[Records for this exercise Boundary: Start]

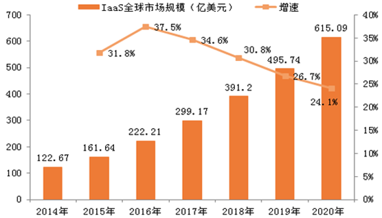 當前,全球云計算市場增速有所放緩,但仍處于較高水平。2015 年,全球云計算市場總體規模為 522.38 億美元,至 2020 年將有望達到 1435.28 億美元,2014 年到 2020 年間 CAGR 為 22%。其中 2015 年全球 IaaS 市場規模為 161.64 億美元,到 2020 年將達到 615.09 億美 元,2014-2020 年間 CAGR 為 30%。
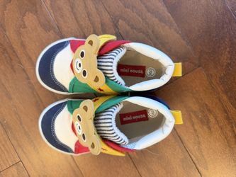 Miki House second baby shoes with a colorful multi-color scheme and a bear motif$50Cary, NC
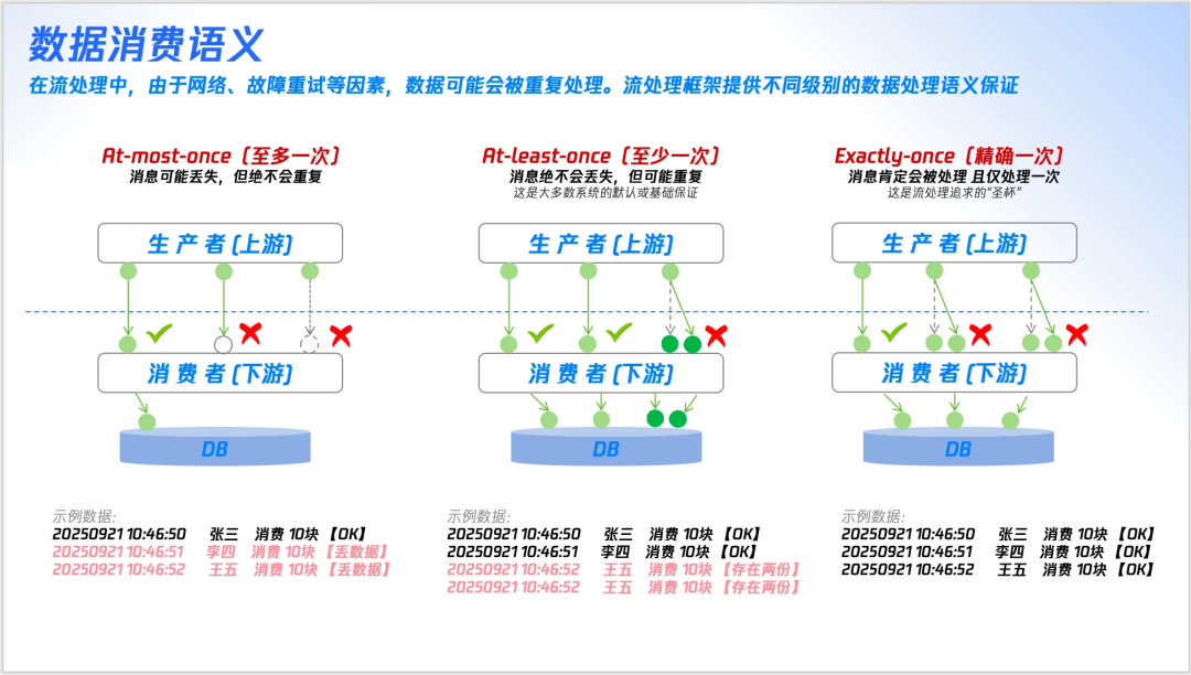 在流处理中,由于网络、故障重试等因素,数据可能会被重复处理。流处理框架提供不同级别的数据处理语义保证,这是流处理深度的体现:
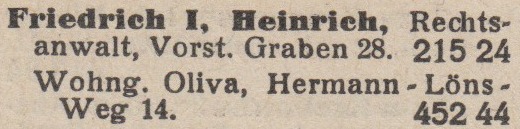 Heinz Friedrich. Książka adresowa z 1933 roku. Zbiory Pomorskiej Biblioteki Cyfrowej.
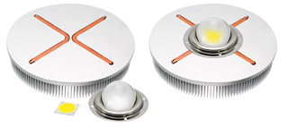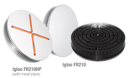 Both the Igloo FR210 and Igloo FR210HP are suitable for 80W applications. The Igloo FR210HP differs from the Igloo FR210 in that it optimized for CoB and spotlight applications. These modules' heatsinks are available in two color options silver and black.
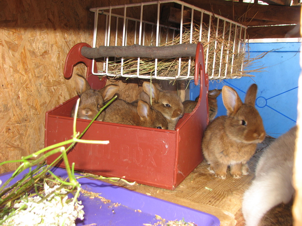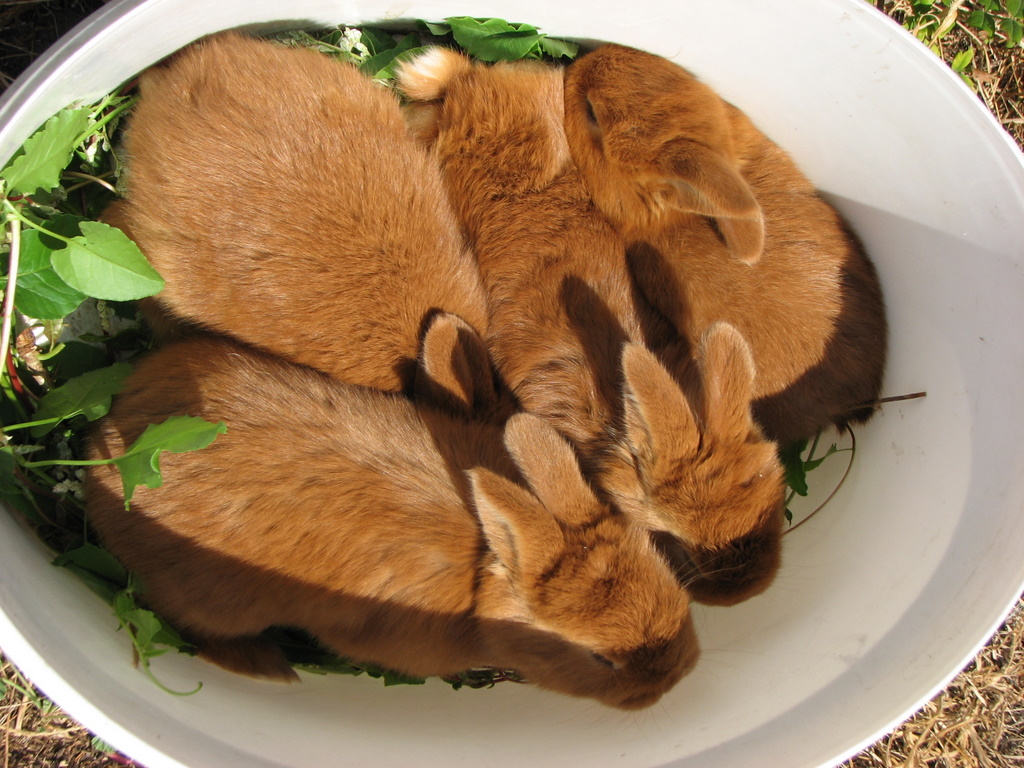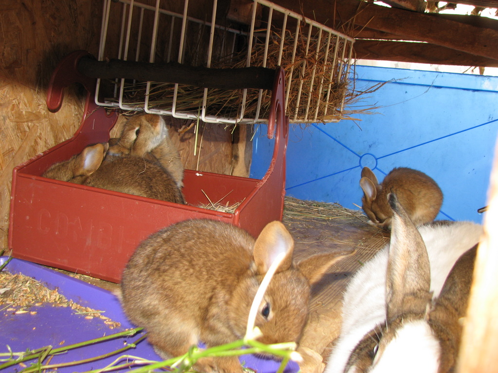 Ma nyulat vágtunk… Az egyik vörös kiszökött a helyéről, és meglátogatta a többieket. Nem tudom, miért pont oda ment, ott van a legkevesebb fű. Szerencsétlenségére Lili és Lali épp a mézesheteiket töltötték ott. Gondolom, Lali nem örült a konkurenciának, Lili meg egyáltalán senkinek sem, aki tőle akar valamit. Jól megtépték szegényt… Aztán jöttek a tyúkok. Rettentő vérszomjas fenevadak, azonnal odagyűlnek a vérszagra.
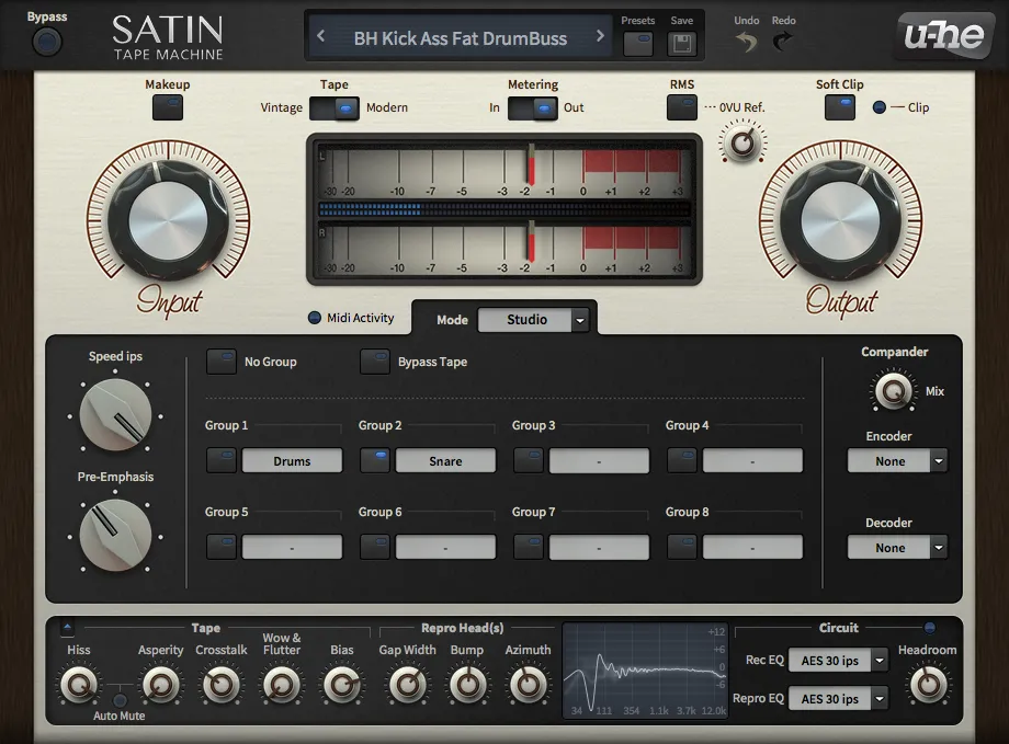 - テープの長所を再現:サチュレーション、スムージング、HFコンプレッション

[Records for this exercise Boundary: End]

**What is needed:** Pictures are to be left out; everything else in the records gets retyped exactly.

**Finished task:**
 當前,全球云計算市場增速有所放緩,但仍處于較高水平。2015 年,全球云計算市場總體規模為 522.38 億美元,至 2020 年將有望達到 1435.28 億美元,2014 年到 2020 年間 CAGR 為 22%。其中 2015 年全球 IaaS 市場規模為 161.64 億美元,到 2020 年將達到 615.09 億美 元,2014-2020 年間 CAGR 為 30%。
 Miki House second baby shoes with a colorful multi-color scheme and a bear motif$50Cary, NC
 在流处理中,由于网络、故障重试等因素,数据可能会被重复处理。流处理框架提供不同级别的数据处理语义保证,这是流处理深度的体现:
 Heinz Friedrich. Książka adresowa z 1933 roku. Zbiory Pomorskiej Biblioteki Cyfrowej.
 Both the Igloo FR210 and Igloo FR210HP are suitable for 80W applications. The Igloo FR210HP differs from the Igloo FR210 in that it optimized for CoB and spotlight applications. These modules' heatsinks are available in two color options silver and black.
 Ma nyulat vágtunk… Az egyik vörös kiszökött a helyéről, és meglátogatta a többieket. Nem tudom, miért pont oda ment, ott van a legkevesebb fű. Szerencsétlenségére Lili és Lali épp a mézesheteiket töltötték ott. Gondolom, Lali nem örült a konkurenciának, Lili meg egyáltalán senkinek sem, aki tőle akar valamit. Jól megtépték szegényt… Aztán jöttek a tyúkok. Rettentő vérszomjas fenevadak, azonnal odagyűlnek a vérszagra.
 - テープの長所を再現:サチュレーション、スムージング、HFコンプレッション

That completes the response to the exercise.